Another difference is that a lubrication hole is provided to relubricate the follower periodically. A hole is provided at both ends of the stud for lubrication. They also usually have a black oxide finish to help reduce corrosion.

==Types==
There are many different types of cam followers available.

===Anti-friction element===
The most common anti-friction element employed is a full complement of needle rollers. This design can withstand high radial loads but no thrust loads. A similar design is the caged needle roller design, which also uses needle rollers, but uses a cage to keep them separated. This design allows for higher speeds but decreases the load capacity. The cage also increases internal space so it can hold more lubrication, which increases the time between relubrications. Depending on the exact design sometimes two rollers are put in each pocket of the cage, using a cage design originated by RBC Bearings in 1971.

For heavy-duty applications a roller design can be used. This employs two rows of rollers of larger diameter than used in needle roller cam followers to increase the dynamic load capacity and provide some thrust capabilities. This design can support higher speeds than the full complement design.

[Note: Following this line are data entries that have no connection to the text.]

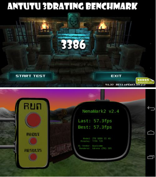 安兔兔3D测试:3386分和NenaMark2测试:57.3帧的成绩,可以基本满足大型3D游戏的运行。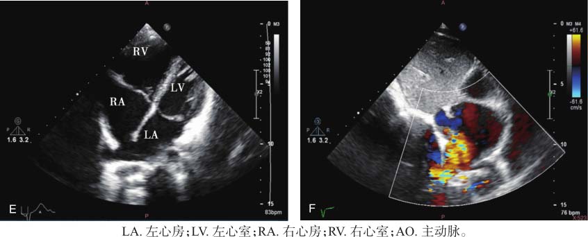 A.左心室长轴切面显示右心房及右心室增大;B.四腔心切面显示右心房及右心室增大,三尖瓣少量反流;C.三尖瓣反流频谱估测肺动脉压力;D.非标准四腔心切面彩色多普勒显示右中肺静脉回流入右心房;E.二维超声非标准四腔心切面显示房顶部房间隔缺损;F.剑突下双心房切面彩色多普勒显示心房水平左向右分流。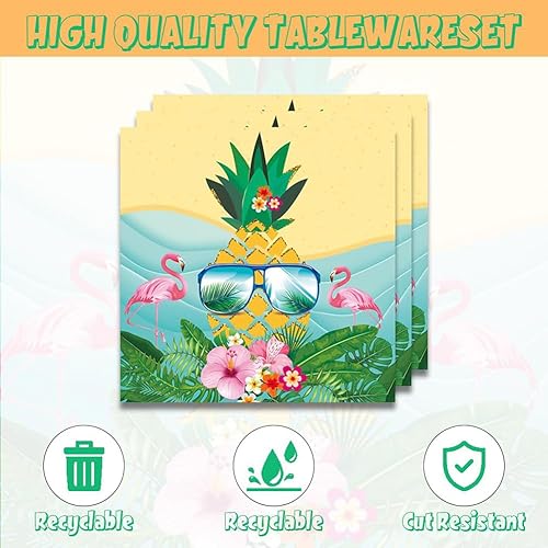 61 Pièces Décorations Fête Hawaïenne Été Set Vaisselle Réutilisable Anniversaire Tropical Ananas Feuilles Assiettes Tasses Serviettes Pailles en Réutilisables Nappe de Table Thème Cartoon Été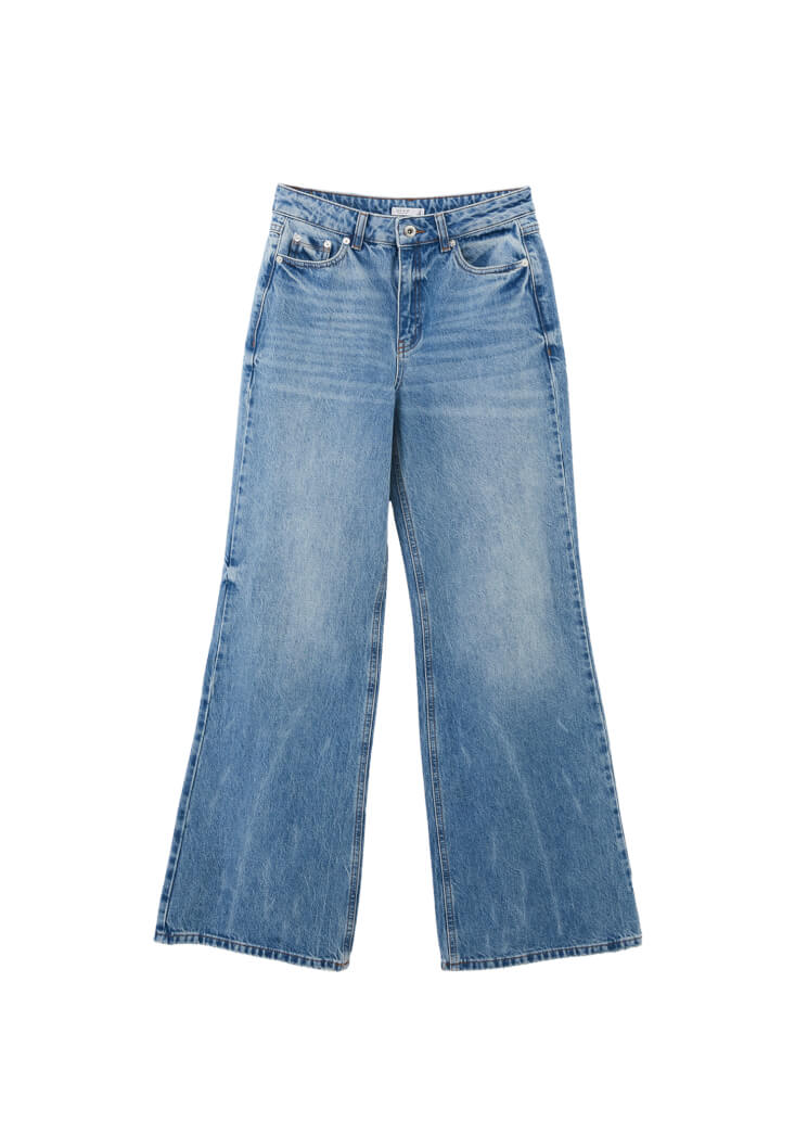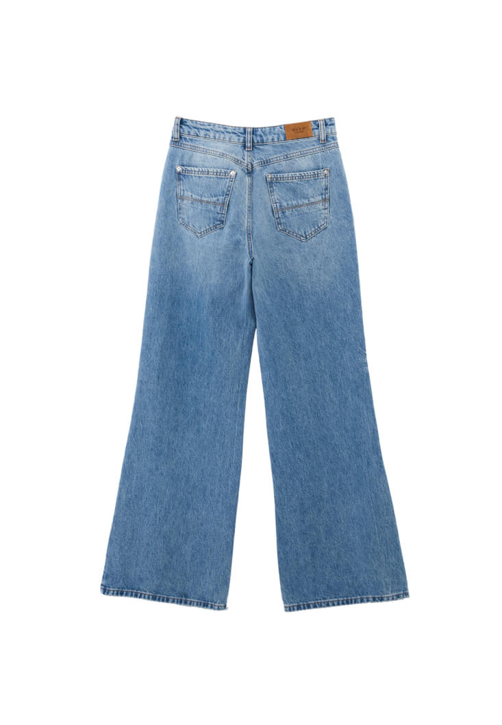 %100 pamuk içerikli doğal doku, yıkamalı denim, yüksek bel, bedenden uzak rahat fit, bol paça, önü ve arkası ikişer cepli.

For light-duty applications a bushing type follower can be used. Instead of using a type of a roller a plastic bushing is used to reduce friction, which provides a maintenance free follower. The disadvantage is that it can only support light loads, slow speeds, no thrust loads, and the temperature limit is 200 F. A bushing type stud follower can only support approximately 25% of the load of a roller type stud follower, while the heavy and yoke followers can handle 50%. Also all-metallic heavy-duty bushing type followers exist.

===Shape===
The outer diameter (OD) of the cam follower (stud or yoke) can be the standard cylindrical shape or be crowned. Crowned cam followers are used to keep the load evenly distributed if it deflects or if there is any misalignment between the follower and the followed surface. They are also used in turntable type applications to reduce skidding. Crowned followers can compensate for up to 0.5° of misalignment, while a cylindrical OD can only tolerate 0.06°. The only disadvantage is that they cannot bear as much load because of higher stresses.

===Stud===
Stud style cam followers usually have a standard sized stud, but a heavy stud is available for increased static load capacity.

====Drives====
The standard driving system for a stud type cam follower is a slot, for use with a flat head screwdriver. However, hex sockets are available for higher torquing ability, which is especially useful for eccentric cam followers and those used in blind holes. Hex socket cam followers from most manufacturers eliminate the relubrication capability on that end of the cam follower. RBC Bearings' Hexlube cam followers feature a relubrication fitting at the bottom of the hex socket.

====Eccentricity====
Stud type cam followers are available with an eccentric stud. The stud has a bushing pushed onto it that has an eccentric outer diameter. This allows for adjustability during installation to eliminate any backlash. The adjustable range for an eccentric bearing is twice that of the eccentricity.

===Yoke===
YOKE type cam followers are usually used in applications where minimal deflection is required, as they can be supported on both sides. They can support the same static load as a heavy stud follower.

==Track followers==
All cam followers can be track followers, but not all track followers are cam followers. Some track followers have specially shaped outer diameters (OD) to follow tracks. For example, track followers are available with a V-groove for following a V-track, or the OD can have a flange to follow the lip of the track.

Specialized track followers are also designed to withstand thrust loads so the anti-friction elements are usually bearing balls or of a tapered roller bearing construction.